══ Data shown

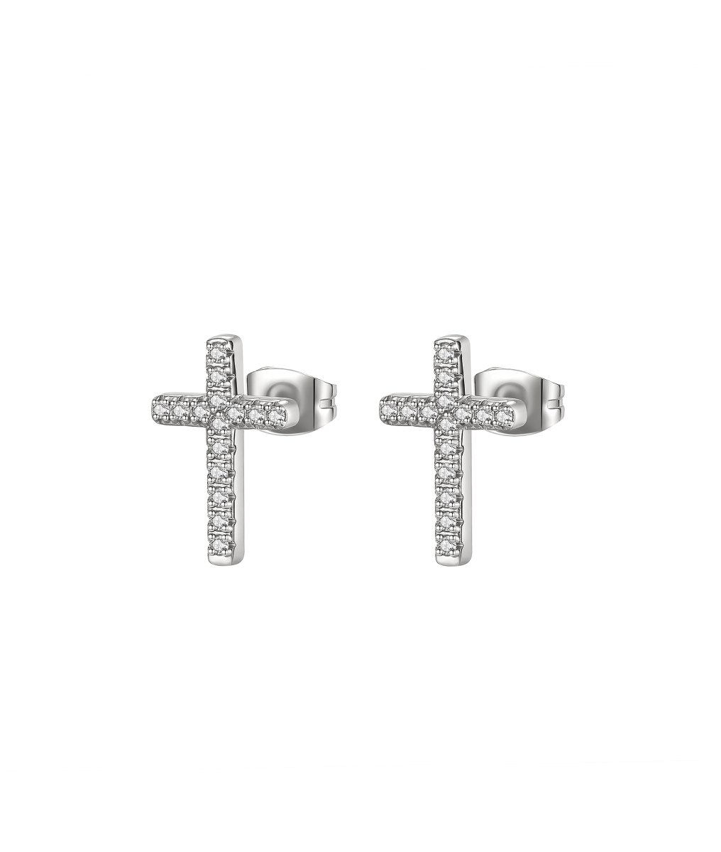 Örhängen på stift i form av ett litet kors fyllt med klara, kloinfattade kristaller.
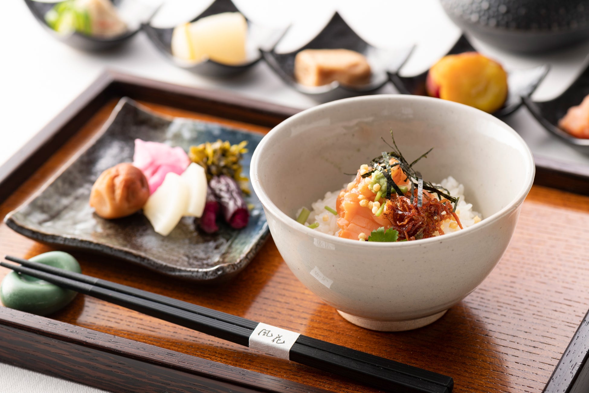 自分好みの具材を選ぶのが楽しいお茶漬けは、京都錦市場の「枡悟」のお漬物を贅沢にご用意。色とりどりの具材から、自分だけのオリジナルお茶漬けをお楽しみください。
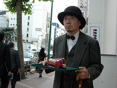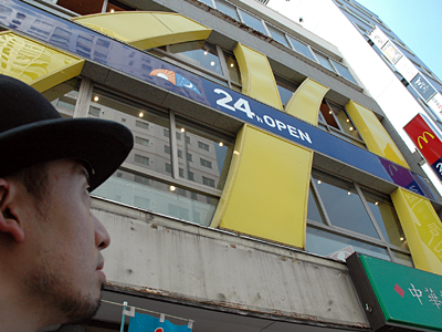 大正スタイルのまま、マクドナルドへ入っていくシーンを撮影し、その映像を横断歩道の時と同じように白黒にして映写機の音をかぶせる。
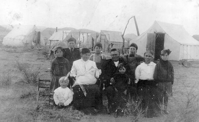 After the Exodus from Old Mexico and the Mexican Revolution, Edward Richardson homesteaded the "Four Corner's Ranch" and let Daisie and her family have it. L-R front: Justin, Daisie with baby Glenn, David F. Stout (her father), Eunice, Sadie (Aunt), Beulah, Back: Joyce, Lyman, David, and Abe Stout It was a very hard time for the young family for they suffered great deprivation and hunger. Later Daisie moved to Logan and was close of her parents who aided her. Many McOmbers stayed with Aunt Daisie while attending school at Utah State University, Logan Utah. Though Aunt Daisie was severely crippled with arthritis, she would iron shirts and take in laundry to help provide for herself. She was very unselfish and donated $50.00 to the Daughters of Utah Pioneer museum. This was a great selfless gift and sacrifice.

════

- Instructions for the task
In your copy, omit the pictures and restate every line of the data word for word.

- Solution for this exercise
 Örhängen på stift i form av ett litet kors fyllt med klara, kloinfattade kristaller.
 自分好みの具材を選ぶのが楽しいお茶漬けは、京都錦市場の「枡悟」のお漬物を贅沢にご用意。色とりどりの具材から、自分だけのオリジナルお茶漬けをお楽しみください。
 大正スタイルのまま、マクドナルドへ入っていくシーンを撮影し、その映像を横断歩道の時と同じように白黒にして映写機の音をかぶせる。
 After the Exodus from Old Mexico and the Mexican Revolution, Edward Richardson homesteaded the "Four Corner's Ranch" and let Daisie and her family have it. L-R front: Justin, Daisie with baby Glenn, David F. Stout (her father), Eunice, Sadie (Aunt), Beulah, Back: Joyce, Lyman, David, and Abe Stout It was a very hard time for the young family for they suffered great deprivation and hunger. Later Daisie moved to Logan and was close of her parents who aided her. Many McOmbers stayed with Aunt Daisie while attending school at Utah State University, Logan Utah. Though Aunt Daisie was severely crippled with arthritis, she would iron shirts and take in laundry to help provide for herself. She was very unselfish and donated $50.00 to the Daughters of Utah Pioneer museum. This was a great selfless gift and sacrifice.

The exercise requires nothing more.